BİRİNCİ DEMEK YETERLİ
Tahirağa İlköğretim Okulu tarafından başlatılan ve bu yıl dördüncüsü yapılarak geleneksel bir nitelik kazanan türkü yarışmasını izledim. İlköğretim okullarımızın katılımıyla yapılan yarışmaya bu yıl 12 okuldan 19 öğrenci katıldı.
Bu yıl anladım ki bu etkinlik; üzerinde konuşulacak düzeye gelmiş. Güzel başlayan ve devam etmesi gereken birçok etkinlik sürdürülme noktasında yeteri kadar destek şansını bulmadan yok oluyor.
Hemen her dönemde belli noktalara kadar taşınmış olmasına rağmen bir türlü kalıcı hale getirilemeyen halk oyunları, bunun iyi bir örneğidir. Türkü yarışması açısından böyle bir risk görmüyorum.
Ancak, burada da yapılması gerekenler var.
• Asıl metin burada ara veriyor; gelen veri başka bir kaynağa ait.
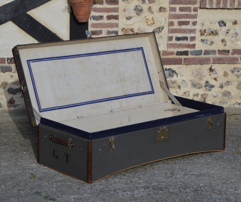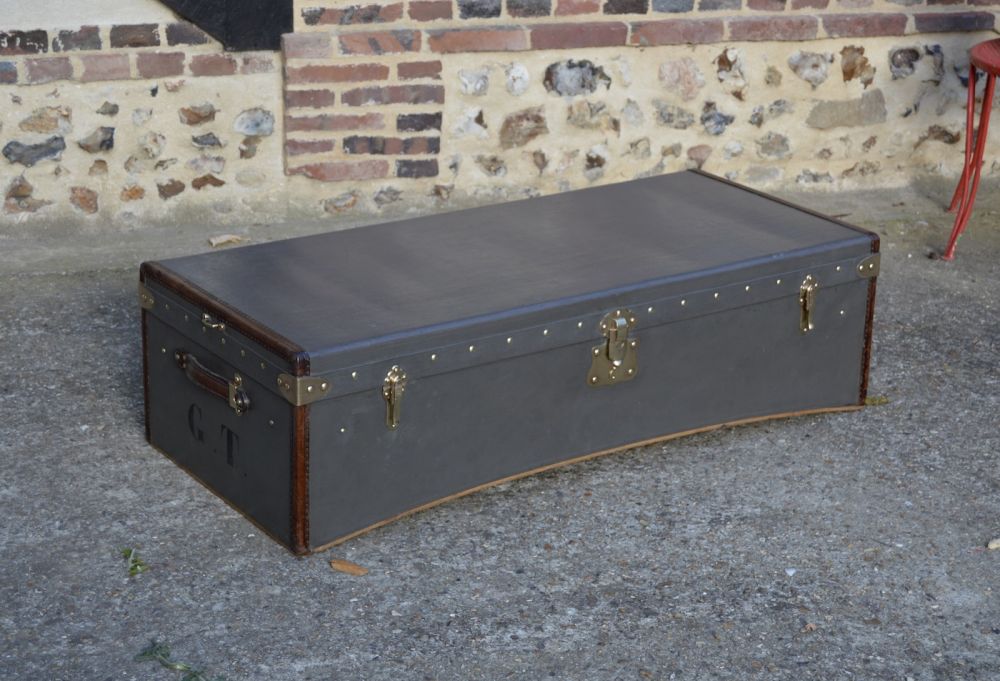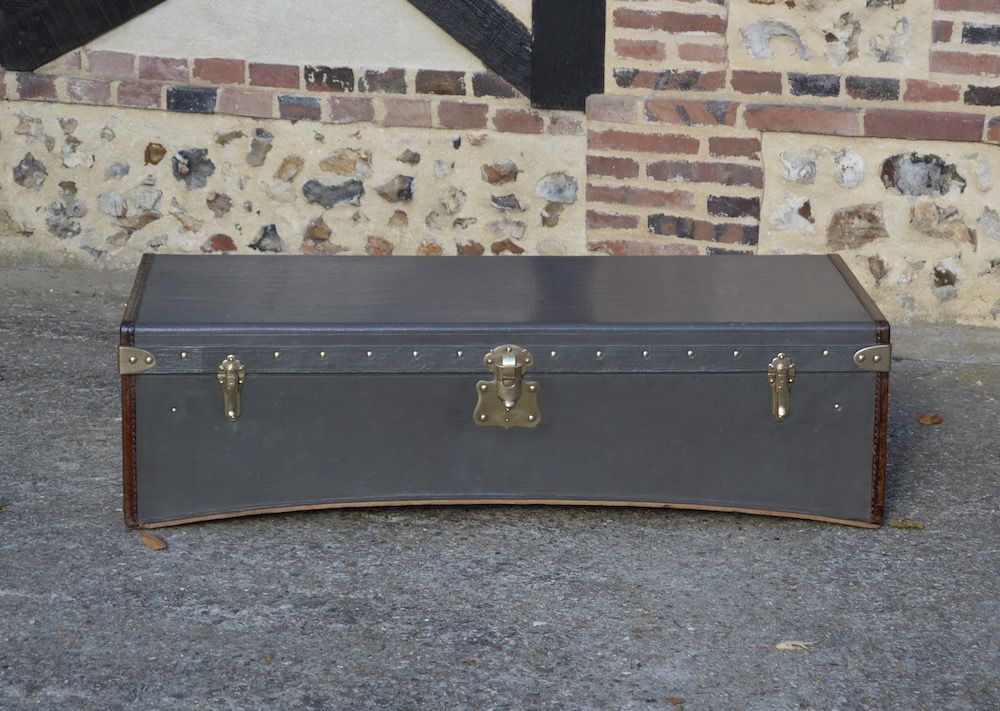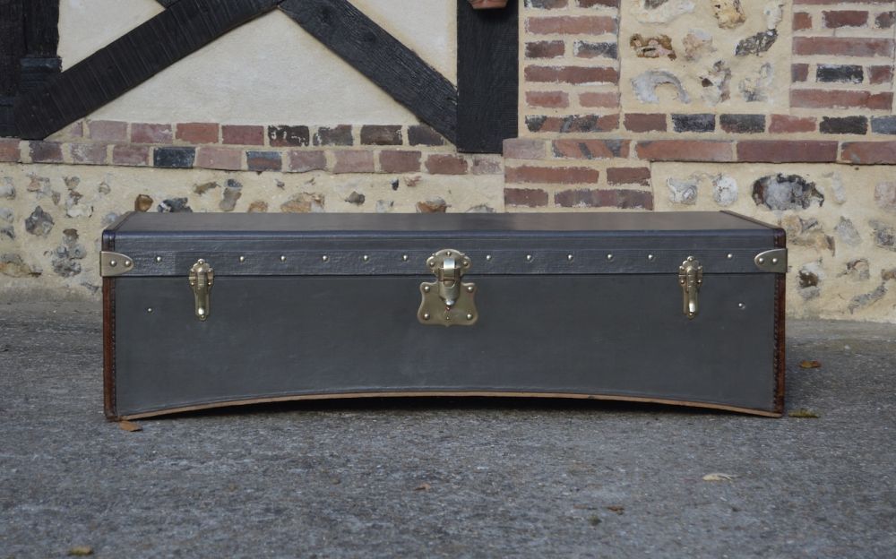 La forme galbée de la malle était originellement conçue pour épouser la forme du toit de la voiture et pour répartir le contenu du bagage de gauche à droite. `
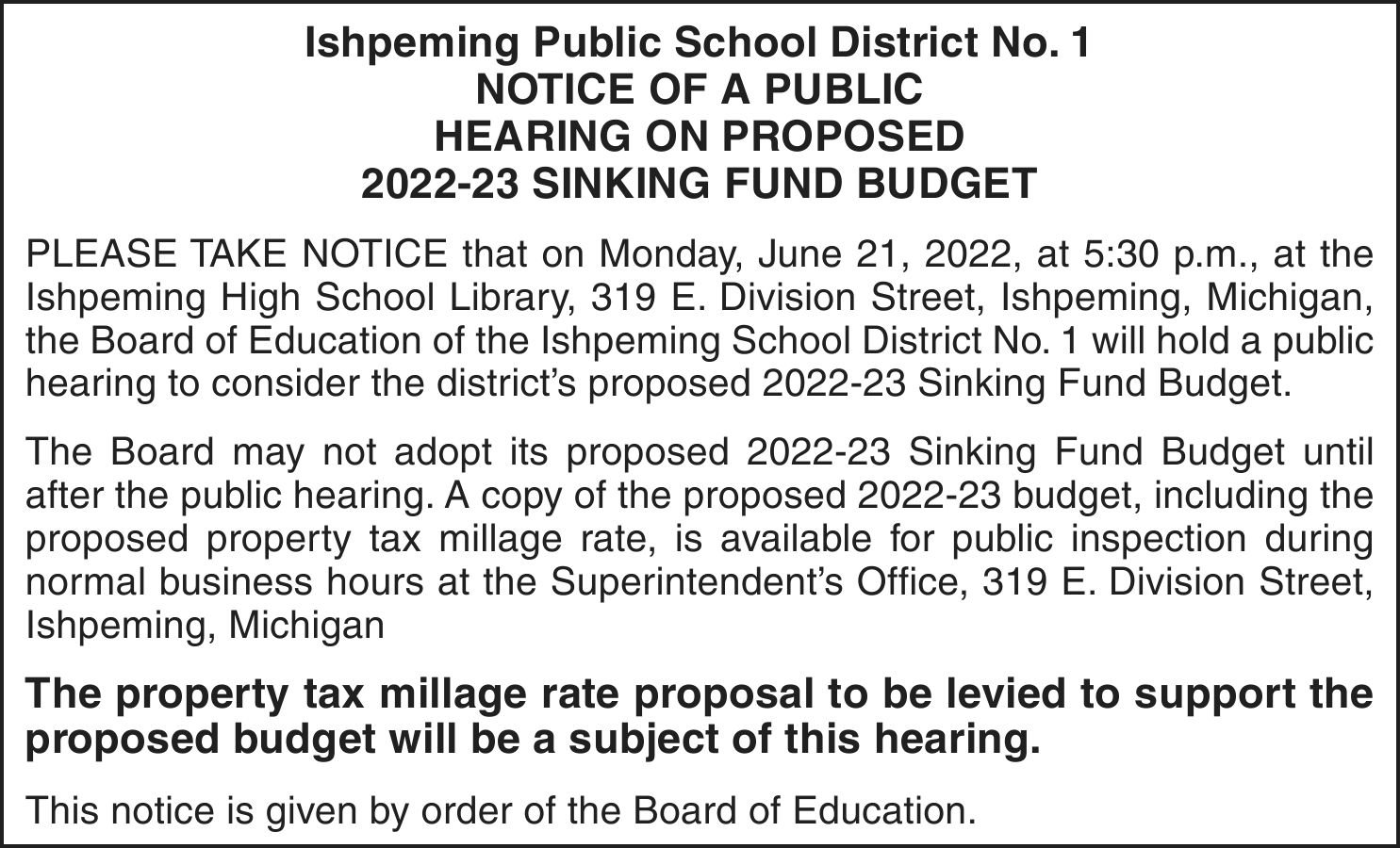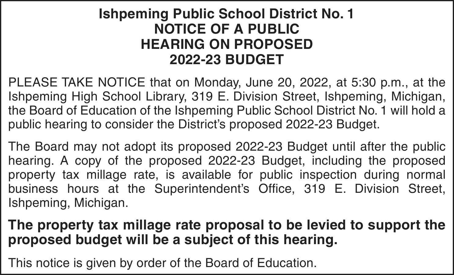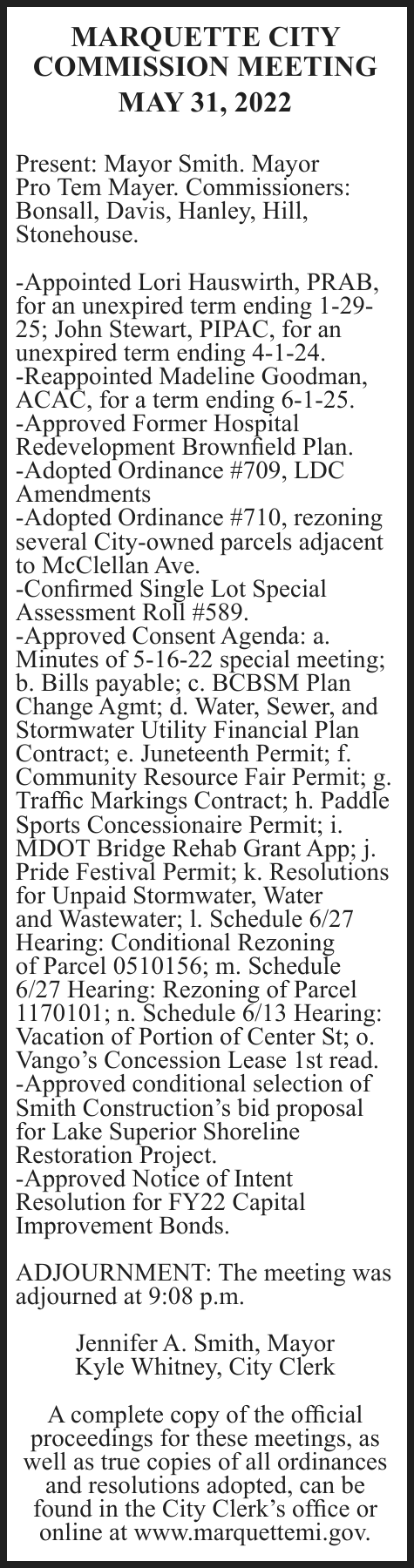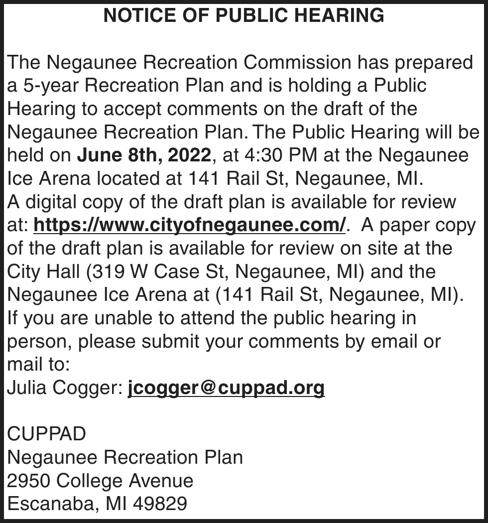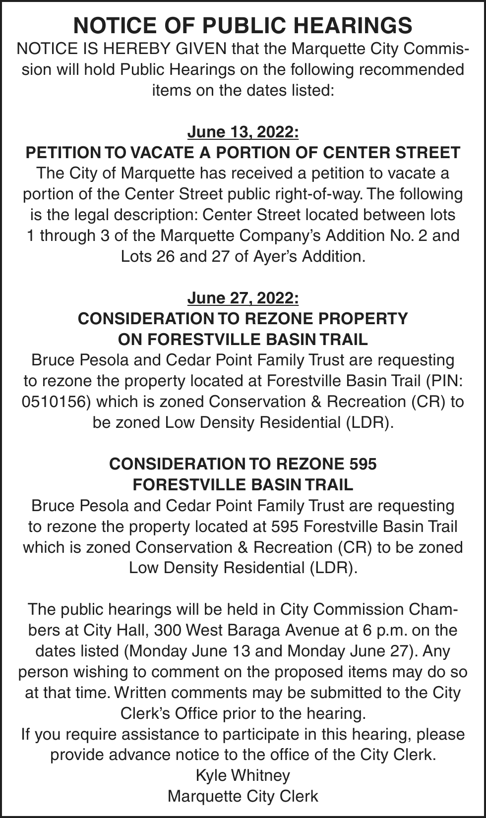 TAKE NOTICE: A hearing will be held on Wednesday, June 15, 2022 at 9:30am (EST) at Marquette County Probate Court before HON. Charles C. Nebel to change the name of: Madison Ann Marie Hayward to Madison Ann McNeely

Türkü yarışması, yarışmacı öğrencilere, yarışacakları ortamı hazırlamak ve dereceye girenlere bağlama hediye etme, noktasından daha iyi bir yere taşınmalıdır.
Türkü yarışması; Yenişehirli insanlardan oluşan kendi saz ekibini kurmalı hatta oluşturacağı jüri üyelerini bile aynı kaynaktan çıkarmalıdır. Yenişehirli insanlardan oluşacak bir saz ekibi ile daha uzun süreli çalışma şansı bulacak yarışmacı öğrenciler daha rekabetçi bir ortam oluşmasının da nedeni olacak ve türkü yarışması işte o zaman gerçek anlamda kalıcı bir etkinlik olacaktır.
Dereceye giren öğrencilere verilen bağlamalar, bu anlamda doğru seçimlerdir. Yönlendirmenin, nereye doğru olması gerektiğini de göstermektedir. Türkü yarışması iyi bir projedir ve bu noktaya getirilmesinde emeği olanlara edilecek en iyi teşekkür; projenin bundan sonraki aşamasında yer almak, destek vermek olur.
Türkü yarışmasının “ seneye olacak mı acaba” endişesi yaşamadan, eksikleri giderilerek devam edeceğine inanıyorum. Son olarak; yarışmanın birincisi olan öğrencilerin kral ve kraliçe olarak adlandırılması ve taç takılmasının doğru olduğunu düşünmüyorum.
Yarışmanın birincisi demek yeterli olur.